> [To do] Please reproduce all of the data exactly as it appears, but skip the pictures.

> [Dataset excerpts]
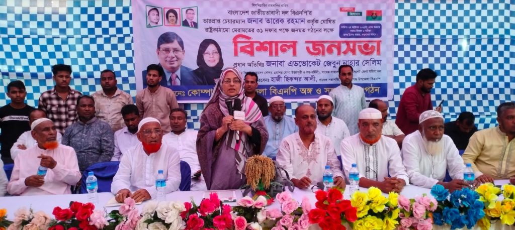 কোম্পানীগঞ্জ উপজেলা প্রতিনিধি::বাংলাদেশ জাতীয়তাবাদী দল বিএনপির ভারপ্রাপ্ত চেয়ারম্যান তারেক রহমান কর্তৃক ঘোষিত রাষ্ট্র কাঠামো মেরামতের ৩১ দফার জনমত সৃষ্টি করার লক্ষে কোম্পানীগঞ্জ উপজেলা বিএনপি ও অঙ্গ সহযোগী সংগঠনের উদ্যোগে এক বিশাল জনসভা অনুষ্ঠিত হয়।
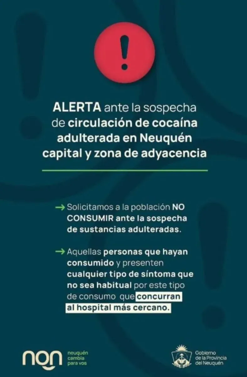 Las autoridades sanitarias emitieron una alerta ante la sospecha de circulación de cocaína adulterada en Neuquén capital y zona de adyacencia. Informaron que, además, un tercer paciente se encuentra en terapia intensiva con el mismo antecedente de consumo de cocaína. Desde el Sistema Público de Salud hicieron un pedido de precaución a la población y evitar el consumo (especialmente ante la sospecha de sustancias posiblemente adulteradas).
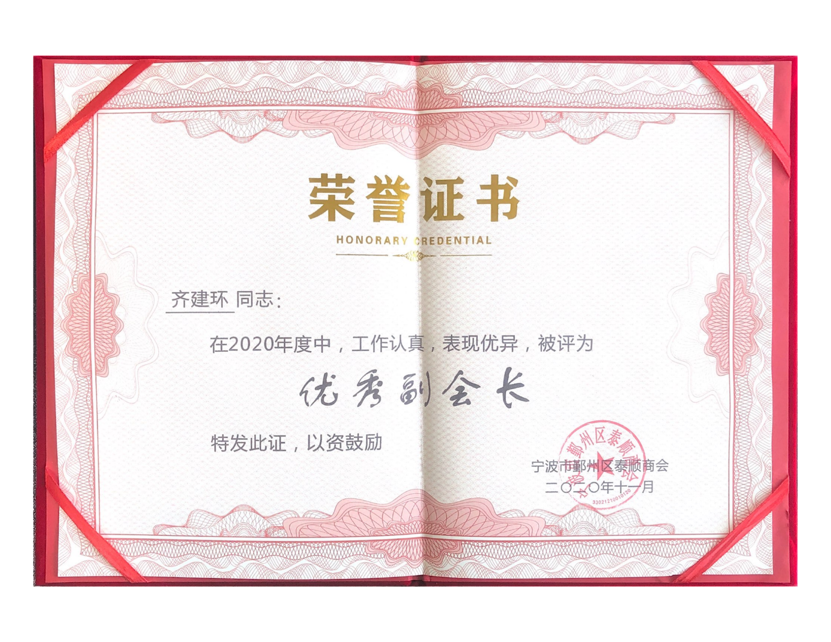 齊建環(huán)先生榮獲2023年度泰順商會(huì)副會(huì)長(zhǎng)
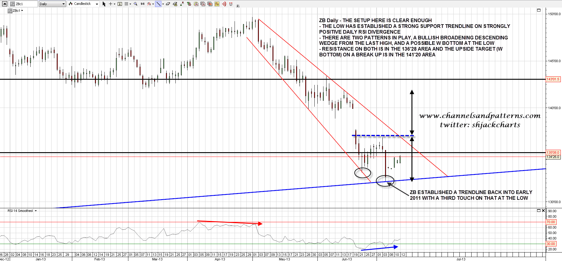 Lastly bonds where I think ZB is in the process of making a significant trend reversal that may last months. In the short term the setup is a bullish broadening descending wedge from the last high and a possible W bottom forming on strongly positive daily RSI divergence. This is a very attractive reversal setup, particularly so because TLT has hit major support, I have a nice looking larger H&S scenario where we would see a big rally to establish the right shoulder on that H&S, and further that ZB made the third hit on a previously established (though previously weak) support trendline back into early 2011. The figures are on the chart but in broad terms a break over 137 would target the 141/2 area. ZB daily chart:
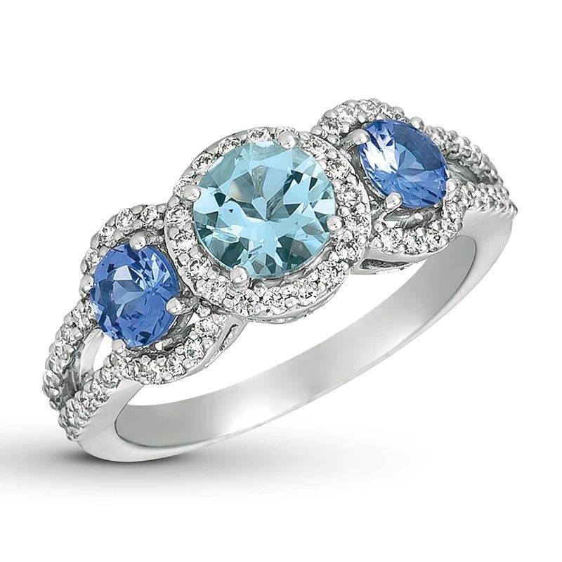 Garnet and Blue Sapphire Symbol Ring in Sterling Silver and 10K Gold :Garnet and Blue Sapphire Symbol Ring in Sterling Silver and 10K Gold
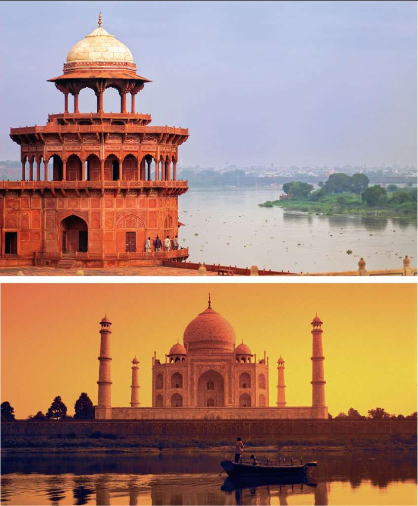 Œuvre suprême de l’art musulman, ce mausolée fut construit en 1631 près d’Agra par Shah Jahan comme tombe pour son épouse préférée, Mumtaz Mahal. Il y est également enterré. L’extérieur est décoré d’arabesques et de textes du Coran incrustés de pierres précieuses… Sur sa vaste terrasse de marbre s’élèvent quatre élégants minarets.
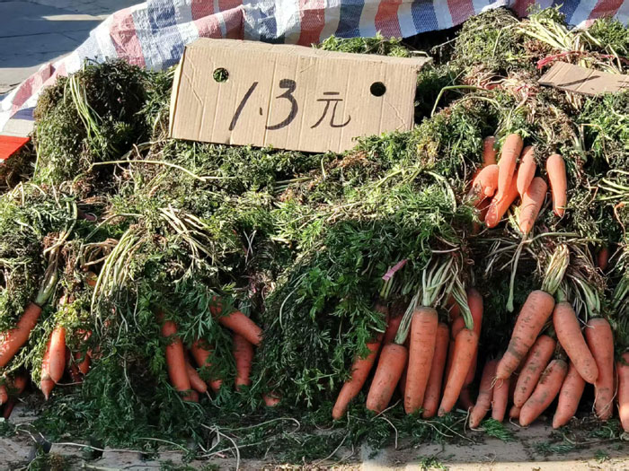 另据观察,10月31日,这个大菜市上同一堆胡萝卜已从10月20日的一元一斤涨到了一元三毛一斤。好在这个大菜市上的萝卜和大葱几乎没涨。
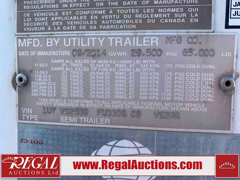 This unit is a 2015 Utility 53ft VS2RA tandem axle reefer trailer. This unit is equipped with a thermal king Carrier refrigerator unit. The hour meter reads 13,353 hours. It has a GVWR of 65,000 pounds. It has a CVIP of 11/22. The battery is dead, the reefer gets powered by external power applied. The interior is equipped with ducted floors, an air chute and E track. The floors and walls have scratches. The exteriors made out of steel/aluminum combination frame. The front of the reefer cover is cracked, and has been taped. Most walls are showing moderate dents, scratches, and scuffs. The right side are wall is showing more prominent dents and scratches. The battery is dead, the reefer gets powered by external power applied. The tires are mounted to steel wheels and appear to be good enough good condition to use. The unit is equipped with air suspension, ABS, and sliding rear axles.
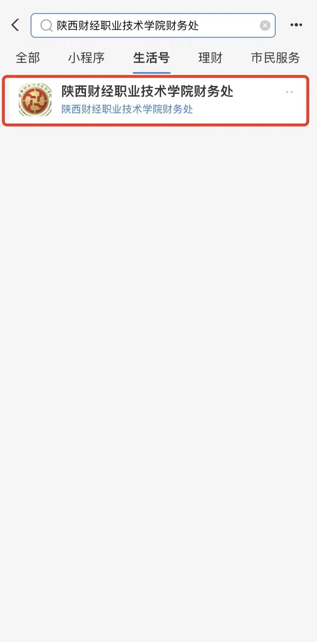 在支付宝生活号中搜索“陕西财经职业技术学院财务处”生活号,关注后点击下方【业务办理】—【缴费大厅】—【学费住宿费教材费】,输入个人身份证号及姓名登录后,根据系统显示收费标准缴费即可。
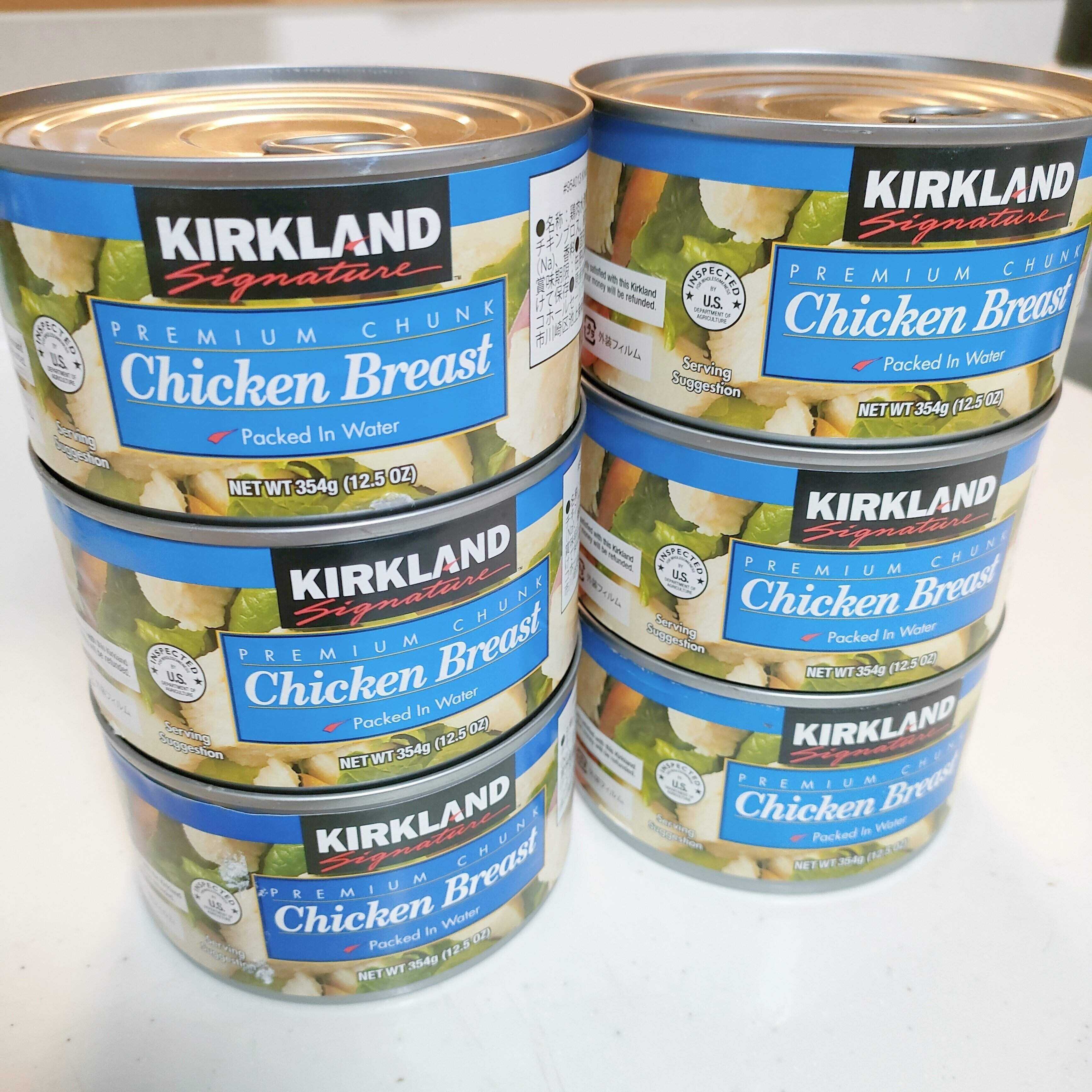 カークランドというオリジナルブランドからつくられている鶏胸肉の缶詰で、6個入で1,888円(税込)。1つ300円ほどですが、市販の缶詰の数倍の大きさがあります。

> [The answer]
 কোম্পানীগঞ্জ উপজেলা প্রতিনিধি::বাংলাদেশ জাতীয়তাবাদী দল বিএনপির ভারপ্রাপ্ত চেয়ারম্যান তারেক রহমান কর্তৃক ঘোষিত রাষ্ট্র কাঠামো মেরামতের ৩১ দফার জনমত সৃষ্টি করার লক্ষে কোম্পানীগঞ্জ উপজেলা বিএনপি ও অঙ্গ সহযোগী সংগঠনের উদ্যোগে এক বিশাল জনসভা অনুষ্ঠিত হয়।
 Las autoridades sanitarias emitieron una alerta ante la sospecha de circulación de cocaína adulterada en Neuquén capital y zona de adyacencia. Informaron que, además, un tercer paciente se encuentra en terapia intensiva con el mismo antecedente de consumo de cocaína. Desde el Sistema Público de Salud hicieron un pedido de precaución a la población y evitar el consumo (especialmente ante la sospecha de sustancias posiblemente adulteradas).
 齊建環(huán)先生榮獲2023年度泰順商會(huì)副會(huì)長(zhǎng)
 Lastly bonds where I think ZB is in the process of making a significant trend reversal that may last months. In the short term the setup is a bullish broadening descending wedge from the last high and a possible W bottom forming on strongly positive daily RSI divergence. This is a very attractive reversal setup, particularly so because TLT has hit major support, I have a nice looking larger H&S scenario where we would see a big rally to establish the right shoulder on that H&S, and further that ZB made the third hit on a previously established (though previously weak) support trendline back into early 2011. The figures are on the chart but in broad terms a break over 137 would target the 141/2 area. ZB daily chart:
 Garnet and Blue Sapphire Symbol Ring in Sterling Silver and 10K Gold :Garnet and Blue Sapphire Symbol Ring in Sterling Silver and 10K Gold
 Œuvre suprême de l’art musulman, ce mausolée fut construit en 1631 près d’Agra par Shah Jahan comme tombe pour son épouse préférée, Mumtaz Mahal. Il y est également enterré. L’extérieur est décoré d’arabesques et de textes du Coran incrustés de pierres précieuses… Sur sa vaste terrasse de marbre s’élèvent quatre élégants minarets.
 另据观察,10月31日,这个大菜市上同一堆胡萝卜已从10月20日的一元一斤涨到了一元三毛一斤。好在这个大菜市上的萝卜和大葱几乎没涨。
 This unit is a 2015 Utility 53ft VS2RA tandem axle reefer trailer. This unit is equipped with a thermal king Carrier refrigerator unit. The hour meter reads 13,353 hours. It has a GVWR of 65,000 pounds. It has a CVIP of 11/22. The battery is dead, the reefer gets powered by external power applied. The interior is equipped with ducted floors, an air chute and E track. The floors and walls have scratches. The exteriors made out of steel/aluminum combination frame. The front of the reefer cover is cracked, and has been taped. Most walls are showing moderate dents, scratches, and scuffs. The right side are wall is showing more prominent dents and scratches. The battery is dead, the reefer gets powered by external power applied. The tires are mounted to steel wheels and appear to be good enough good condition to use. The unit is equipped with air suspension, ABS, and sliding rear axles.
 在支付宝生活号中搜索“陕西财经职业技术学院财务处”生活号,关注后点击下方【业务办理】—【缴费大厅】—【学费住宿费教材费】,输入个人身份证号及姓名登录后,根据系统显示收费标准缴费即可。
 カークランドというオリジナルブランドからつくられている鶏胸肉の缶詰で、6個入で1,888円(税込)。1つ300円ほどですが、市販の缶詰の数倍の大きさがあります。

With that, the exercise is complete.